Leadership Council for Human Rights

~ Feet in the mud, head in the sky ~

Friday, November 03, 2006

A Call to Humanitarianism

The following is a letter to the editor by LCHR President, Kathryn Porter, which appeared in today’s Washington Times.

A Call to Humanitarianism
The news coming out of the world's conflict zones grows increasingly dire. In Sudan, we see a human rights catastrophe spinning out of control; in Iraq, insurgents and militias perpetrate the torture and murder of countless civilians. In North Korea, an entire nation is held captive by state-sponsored oppression. In Afghanistan, corruption at the highest levels has allowed the Taliban to regain power and terrorize the Afghan people who do not comply with their moblike tactics. The list goes on. Atrocities are being committed everywhere we look.

Meanwhile, with midterm elections a few days away, many candidates are focusing their campaigns around negative ads and rallying their bases on wedge issues. Partisan pandering may win elections, but it does not solve the global human rights crisis unfolding around us.

Most Americans have seen images of the atrocities in Darfur broadcast into their living rooms on CNN. Genocide in real time — we can read all about it on Anderson Cooper's 360 Blog. Not as prominently reported are the accounts of human rights abuses against Egypt's Copts and Baha'is, China's Uyghurs, Iraq's Chaldo-Assyrians and other minority groups. The overarching themes of sectarian violence and ethnic and gender discrimination, though, are common knowledge.

Without having seen or experienced these atrocities firsthand, Americans become anesthetized to the ongoing evil in faraway places. Compassion fatigue plagues the U.S. public and policy-makers. Americans need a wake-up call and a reminder that average people can make a real difference in the lives of those whose rights are being trampled by appealing to their elected decision-makers.

Thankfully there are strong leaders in Congress to shake us out of our collective inaction, foremost among them Congressional Human Rights Caucus co-chairmen Tom Lantos, California Democrat, and Frank R. Wolf, Virginia Republican. Earlier this month, hundreds of advocates from nongovernmental organizations both large and small gathered to recognize Mr. Wolf's outstanding work to end persecution, specifically his commitment to religious freedom ("Re-elect Frank Wolf," Editorial, Oct. 20).

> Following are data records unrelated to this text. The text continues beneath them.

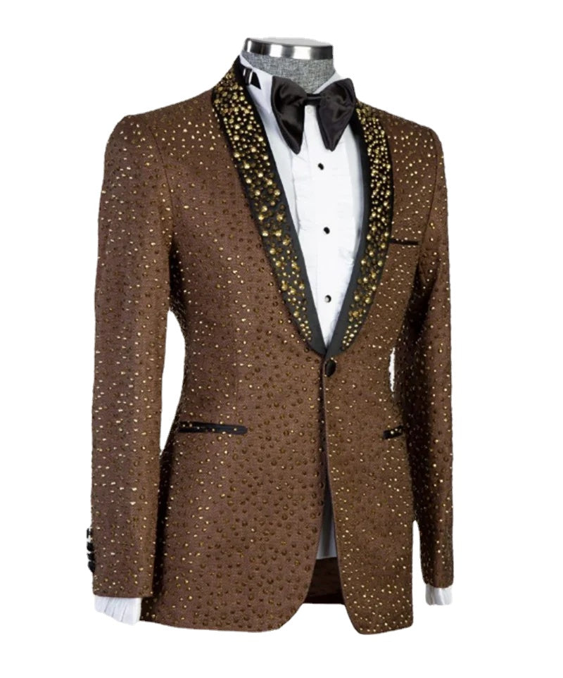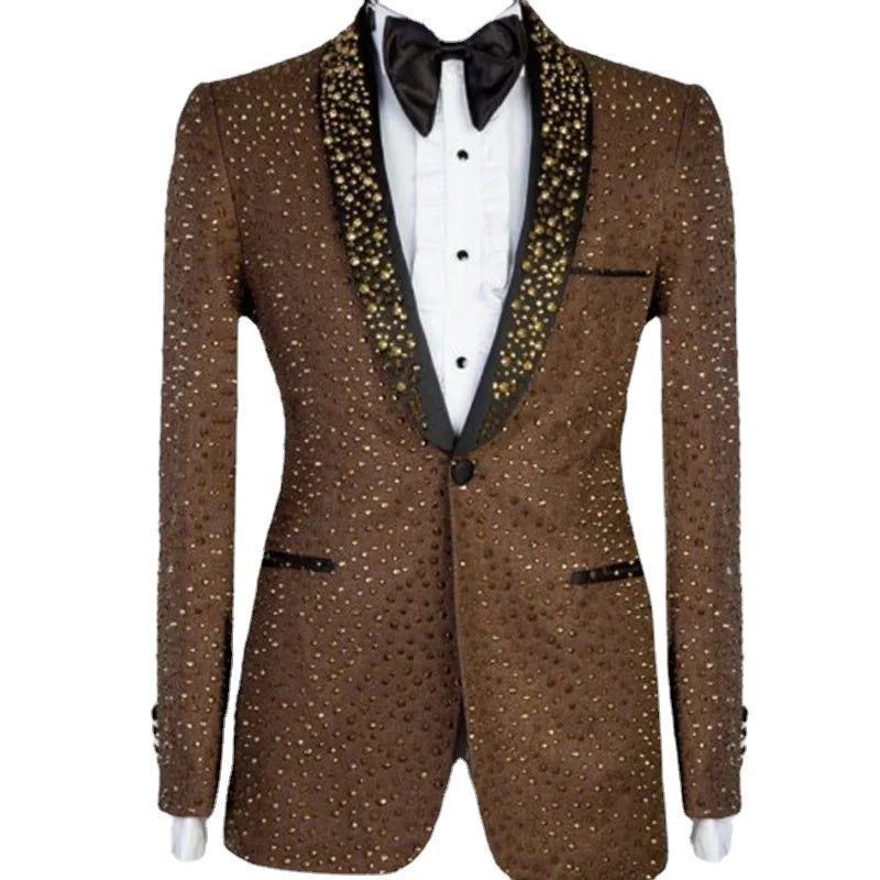 This luxury men's suit features a sparkly one-piece blazer with a single button closure, adorned with beads, diamonds, and a sheer lapel. Perfect for formal occasions, weddings, and as a slim-fit groom outfit. Available in plus sizes and tailored for a perfect fit.
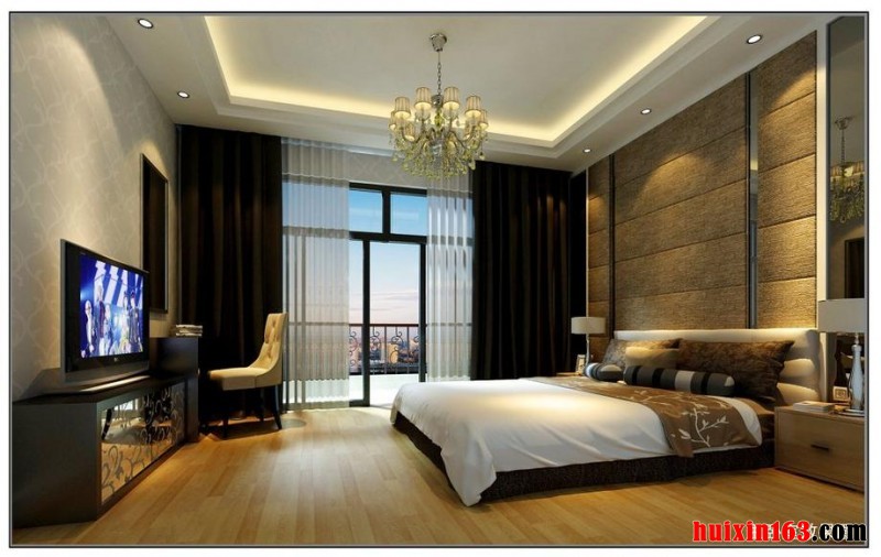 主卧的设计非常的简约大气,在顶面上设计了非常简约大方的吊顶结构,中央是一盏金黄色的水晶灯,周边局部吊顶结构的设计让空间看起来更高,更加的宽敞。在地面上铺设原木色的实木地板,会带给人非常清新自然的感受,在卧室里面摆放电视更加符合轻松惬意的生活姿态,晚上躺在床上看电视也是一件非常放松的事情。在床头背景墙上采用深黄色的软包装饰,搭配射灯光线的照射,给人一种非常优雅大方的感觉。
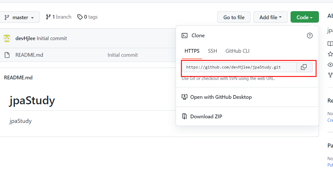 위에서 복사했던 GitHub Repository 주소 붙여넣기
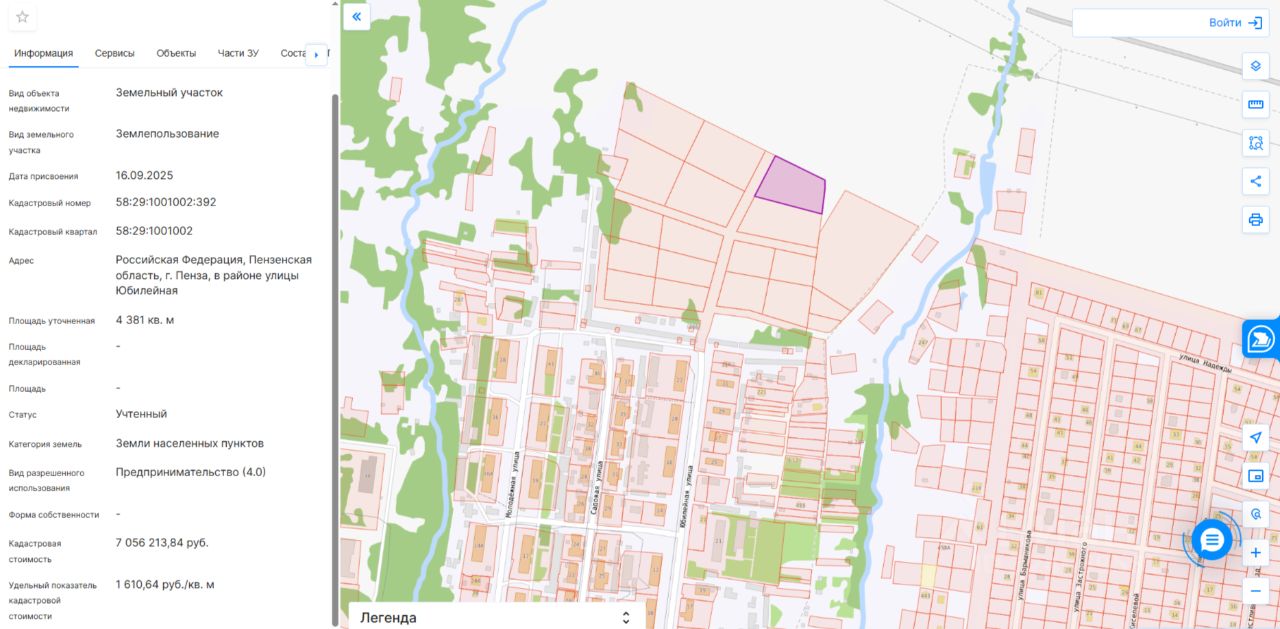 Адрес: Российская Федерация, Пензенская область, г. Пенза, в районе улицы Юбилейная. Площадь: 4381 кв. м. Кадастровый номер: 58:29:1001002:392. Разрешенное использование (назначение): Предпринимательство (код 4.0).

Mr. Wolf had a message for those present: Things are getting worse, not better. In response, the human rights community must collaborate to find a common cause and solve the most urgent problems of our day. We must show the world that the U.S. is serious about ensuring fundamental freedoms and that protecting human rights is our top priority.

The human rights community should pay attention to Mr. Wolf's wise words, heeding his call to build solidarity and speaking with one powerful voice. Now more than ever, leaders of nongovernmental organizations must join forces to promote human rights on Capitol Hill and around the world. The desperate headlines underscore the critical importance of human rights groups working together, presenting a united front at a time when fundamental freedoms have reached an all-time low.

Uttering platitudes in the face of humanitarian crises is not enough; circumstances demand creative solutions with political legs. If we supply the ideas, our human rights champions in Congress and in the field will pave the way for new and meaningful action.

Partisanship is rampant in Washington, but by shifting the dialogue away from the issues that divide us to something everyone can agree upon — protecting the freedoms we hold dear on a global scale — we can harness the vast supply of energy on both sides of the aisle to elevate the human rights agenda.

All Americans are stakeholders in this debate. Who among us will stand up and be counted?